§ What this task involves: Without any pictures, print the lines below from the one that has "Stone & Sequin Embellishments" through the one that has "Anti-Static Dry Cleaning", exactly and nothing else.

§ Source material:
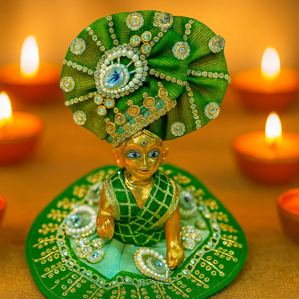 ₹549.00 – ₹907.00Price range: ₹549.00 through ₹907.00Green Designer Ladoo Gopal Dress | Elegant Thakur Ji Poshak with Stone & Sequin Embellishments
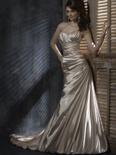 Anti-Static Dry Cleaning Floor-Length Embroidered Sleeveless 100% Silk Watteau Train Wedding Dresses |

==

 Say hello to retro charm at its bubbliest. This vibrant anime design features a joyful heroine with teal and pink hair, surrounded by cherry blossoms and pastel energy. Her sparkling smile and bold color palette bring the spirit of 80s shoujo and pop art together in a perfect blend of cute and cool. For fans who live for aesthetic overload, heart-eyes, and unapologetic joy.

==

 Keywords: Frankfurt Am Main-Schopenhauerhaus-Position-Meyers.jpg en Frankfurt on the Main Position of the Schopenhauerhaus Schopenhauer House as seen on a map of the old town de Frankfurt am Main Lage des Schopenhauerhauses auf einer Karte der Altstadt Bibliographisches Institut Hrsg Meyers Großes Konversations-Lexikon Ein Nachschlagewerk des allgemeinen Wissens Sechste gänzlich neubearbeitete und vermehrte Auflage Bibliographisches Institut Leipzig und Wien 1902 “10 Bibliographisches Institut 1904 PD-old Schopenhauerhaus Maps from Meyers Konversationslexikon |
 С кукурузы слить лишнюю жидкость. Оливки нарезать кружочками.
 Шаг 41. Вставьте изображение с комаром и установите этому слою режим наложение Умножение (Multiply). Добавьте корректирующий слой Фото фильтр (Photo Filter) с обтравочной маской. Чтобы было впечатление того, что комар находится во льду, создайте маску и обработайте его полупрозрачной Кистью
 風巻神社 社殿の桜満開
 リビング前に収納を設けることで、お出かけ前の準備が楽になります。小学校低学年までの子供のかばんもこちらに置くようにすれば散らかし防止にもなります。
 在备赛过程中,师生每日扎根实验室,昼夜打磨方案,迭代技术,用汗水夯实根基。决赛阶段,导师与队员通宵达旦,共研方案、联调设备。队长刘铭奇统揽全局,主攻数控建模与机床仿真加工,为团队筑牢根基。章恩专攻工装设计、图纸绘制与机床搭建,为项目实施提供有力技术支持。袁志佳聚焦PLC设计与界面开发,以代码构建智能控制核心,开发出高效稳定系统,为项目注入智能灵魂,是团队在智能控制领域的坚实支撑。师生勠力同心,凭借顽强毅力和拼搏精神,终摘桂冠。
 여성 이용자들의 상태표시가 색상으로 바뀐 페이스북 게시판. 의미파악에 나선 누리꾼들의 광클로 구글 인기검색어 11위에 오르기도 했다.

§ Result of the exercise:
 ₹549.00 – ₹907.00Price range: ₹549.00 through ₹907.00Green Designer Ladoo Gopal Dress | Elegant Thakur Ji Poshak with Stone & Sequin Embellishments
 Anti-Static Dry Cleaning Floor-Length Embroidered Sleeveless 100% Silk Watteau Train Wedding Dresses |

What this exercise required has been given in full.